I am linking up here with Amber Haines whose voice rings true and clear, trying with others to find our own. Go read Amber’s post which pulls on us all and the beautiful words of my people, fast becoming friends.


When I was a babe, I sat in my playpen and looked at books all day. I turned and turned the press-board pages. I never sought release. I was a happy captive.

When I was three, My Dada taught me to read – or told me I could. So, I did. We read the funny papers and whatever else he thought worth our time. In his lap, behind that newspaper, I was given my life.

When I was four, my mama enrolled me in the church pre-school across the street. I went the first day, all excited at what I imagined they would teach me. I raced back home and splayed the pages of the new Readers Digest.  I could not yet make plain sense of it, so I quit. Then and there. Went back to studying with the Master and Sargent of my studies.

Soon, I could read most everything our librarian put before me. And I took to holing up in corners and crevices with my borrowed books.  They transported me and taunted me and tangled me up inside the way good stories do. They became my best friends, until I found my people who loved books as I did.

I say I want to write books, tell my stories… stories I have all lined up in queue, waiting on me, to be me enough and brave enough and able to give them attention enough to hear well the ghosts I must consort.
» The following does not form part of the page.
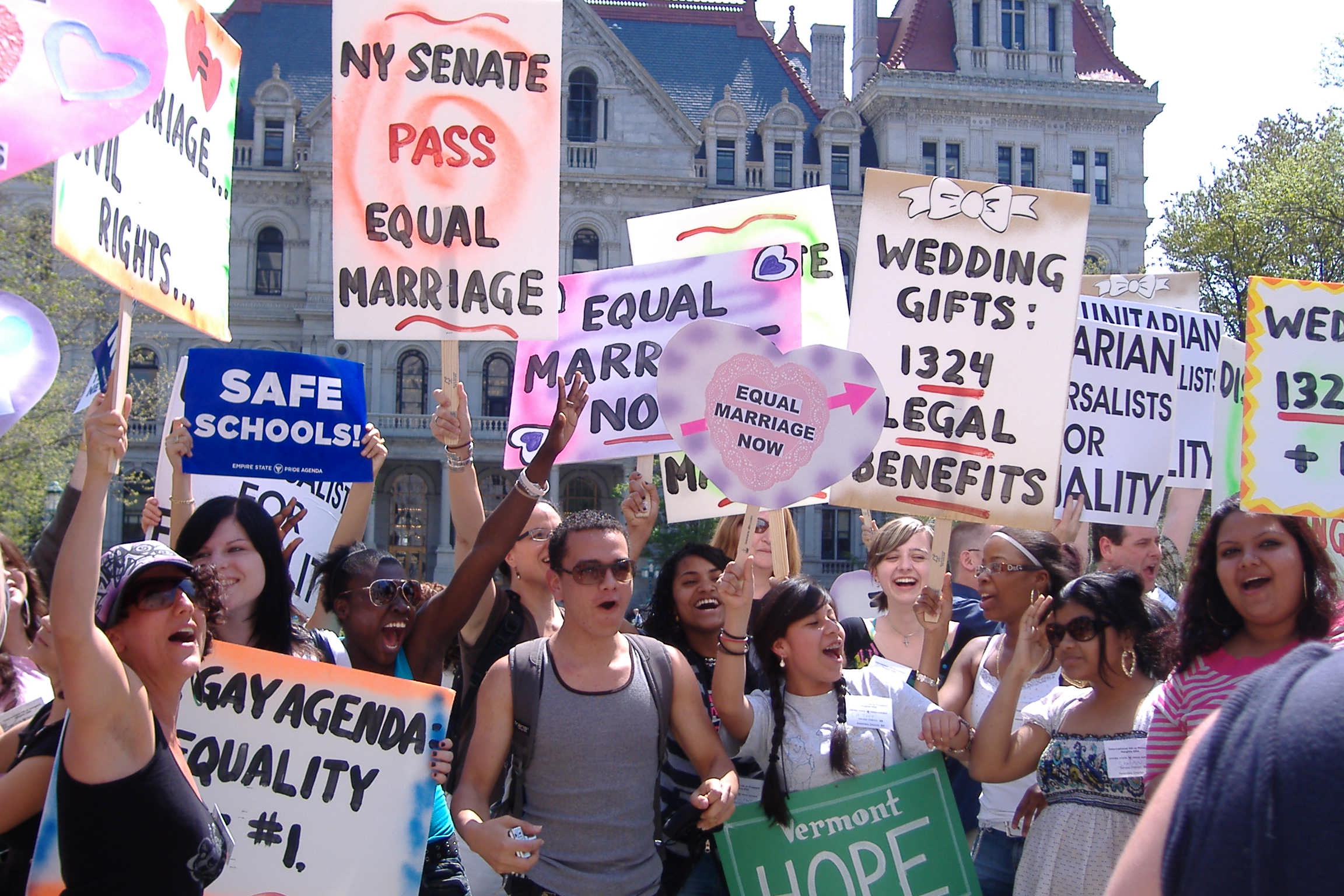 Meanwhile in New York, support for same-sex marriage continues to swell, furthering our hopes that our friends Carly & (Autostraddle photographer) Robin can get married (you know, when they’re ready). [See photo, right]
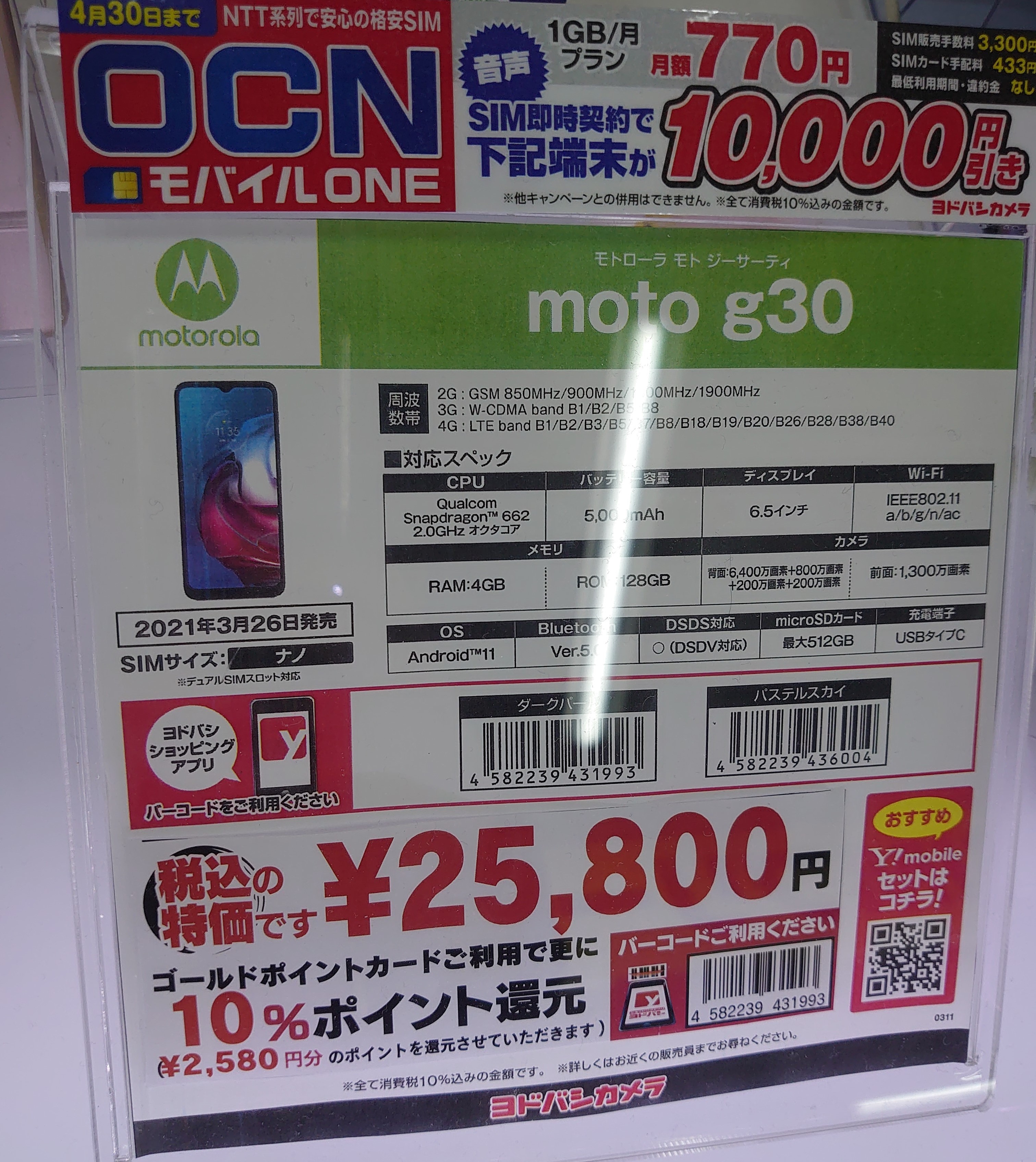 BIGLOBEモバイルの端末セットにモトローラ「moto g30」が追加されました。税込価格25,660円で、20,000円相当ポイント還元です。iPhone SE(第2世代)等もお得に購入出来ますので、下記ご参照下さい。月額料金も、3GBが770円/月(税込)で利用出来ます(1年間)。

The sense of them standing there, reminds me…Don’t forget…You forget things, now. Don’t forget, hurry to them. 

I drove all around the home to half of me this weekend. I heard some of those ghosts whisper hoarsely, “Tell it, sugar.” I thought of turning farther south, driving dirt lanes for forensic clues of where those whom neither me nor my parents ever knew died and I was really born. I’ve never set foot on any land they lived upon, it was of course, in another’s name. But I wonder, and sometimes I think I might find it, in my mind if not on a map.

A few years back, I sat with Brother Rick, Alabama’s Keeper of the Story. He charged me plainly, “You have to write those stories. They will die with you. Those folks deserve better.”

I know that is so.

Friends you may find here, in these electric pages, wait on me…my Aunt Bea and my Pop, my mama’s little war-time town, my young-guns, my nemesis and my Nana.

I have a few things to finish, first. But, my stack is shrinking.

Books defined my first years. It is my prayer that they will my last.



Filed under observation

8 responses to “books

  1. Kim, keep writing and do not stop. Your stories are rich and thick in the mouth like an old-timer’s drawl. They are alive. They are important. Keep telling them. So glad to have found you, girl.

  2. Found you through Ambers, yay. I hear a rich story teller’s voice, a narrative of the South beginning its journey out, being introduced to all, like a Southern debutante. Beautiful. Can’t wait for more of your stories and story and even a word from you will be marvelous.

  3. Amber C Haines

    Are we kin?! I love this.

  4. Made for this purpose, you are. Brought me back to my own early love, the Readers Digest jokes. I hope to read your book(s) one day.